Lonjakan terbaru telah menaikkan harga emas lebih dari 25 persen sejak awal tahun 2025, memperpanjang reli yang dimulai pada paruh kedua tahun 2024. Logam mulia ini kini telah mencatat rekor tertinggi lebih dari 50 kali tahun ini, memperkuat posisinya sebagai salah satu aset dengan kinerja terkuat di pasar komoditas global. Data pasar dari bursa utama menunjukkan bahwa volume perdagangan derivatif emas batangan telah meningkat secara stabil sepanjang kuartal keempat. Di sisi ekuitas, saham perusahaan penambang emas dan perusahaan eksplorasi besar melonjak tajam setelah lonjakan harga. Produsen berkapitalisasi besar yang terdaftar di Toronto, Johannesburg, dan Sydney mencatatkan kenaikan antara 3 hingga 7 persen selama sesi perdagangan Senin. Indeks sektor pertambangan di NYSE dan ASX mencapai level tertinggi sejak tahun 2020, mencerminkan peningkatan margin dari harga emas batangan yang tinggi.
Perusahaan-perusahaan dengan eksposur tinggi terhadap emas spot, termasuk beberapa produsen terkemuka di Amerika Utara dan Australia, melaporkan peningkatan minat investor dan aktivitas perdagangan yang kuat. Faktor geopolitik juga berkontribusi pada peningkatan fokus pasar pada aset safe-haven. Ketegangan di Amerika Latin dan gejolak yang berkelanjutan di beberapa wilayah global menambah keengganan risiko yang lebih luas di kalangan investor. Sementara itu, bank sentral di Asia dan Timur Tengah mempertahankan tingkat pembelian emas yang stabil sepanjang tahun, memperkuat permintaan struktural di pasar fisik. Menurut data bea cukai dan perdagangan terbaru, Tiongkok dan India menyumbang sebagian besar impor emas global pada kuartal terakhir, sementara negara-negara Teluk melaporkan arus masuk yang stabil ke cadangan kedaulatan. Terlepas dari reli tersebut, beberapa pelaku pasar memperingatkan bahwa volatilitas harga dapat tetap tinggi dalam kondisi perdagangan liburan yang tipis.
Volume perdagangan akhir tahun memengaruhi dinamika harga.

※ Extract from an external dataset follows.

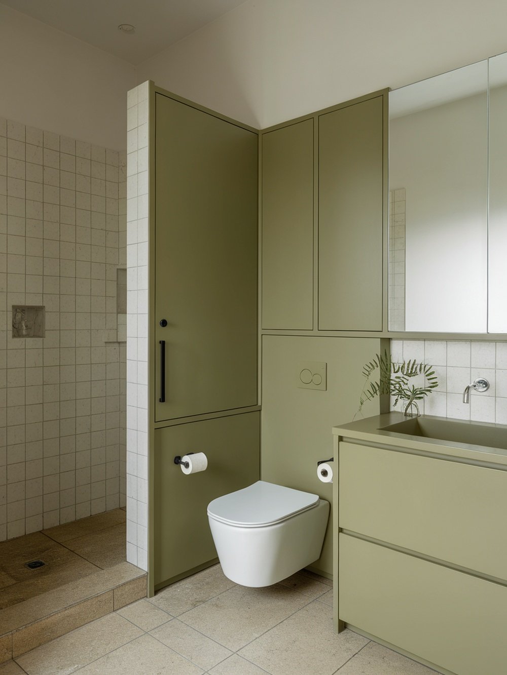 Olive green is a fantastic choice for a minimalistic bathroom. This shade brings a touch of nature indoors, creating a calming atmosphere. The image showcases a sleek design with clean lines and a simple color palette. The cabinetry and walls in olive green blend seamlessly, providing a cohesive look. The white fixtures, like the toilet and sink, pop against the green, adding brightness to the space. This contrast keeps the design fresh and inviting.

Likuiditas di pasar komoditas utama diperkirakan akan kembali normal pada bulan Januari ketika meja perdagangan global kembali beroperasi setelah penutupan akhir tahun. Untuk saat ini, kenaikan yang mencetak rekor telah memposisikan emas sebagai sorotan utama lanskap kinerja keuangan tahun 2025, melampaui imbal hasil di sebagian besar kelas aset lainnya, termasuk saham, obligasi, dan real estat. Saat perdagangan berlanjut sepanjang sesi sore, harga emas spot bertahan di atas $4.480 per ons, mempertahankan pijakan teknis yang kuat di dekat wilayah rekor. Perak stabil di dekat $70 per ons, sementara platinum berada di dekat $1.180. Dengan pasar akhir tahun beroperasi dengan kapasitas yang berkurang, analis mengatakan harga kemungkinan akan tetap sensitif terhadap perubahan berita global dan pergerakan bursa. Bagi investor dan pembuat kebijakan, kenaikan emas yang bersejarah ini menggarisbawahi perannya yang abadi sebagai landasan stabilitas keuangan dan barometer kepercayaan ekonomi global. – Oleh EuroWire News Desk.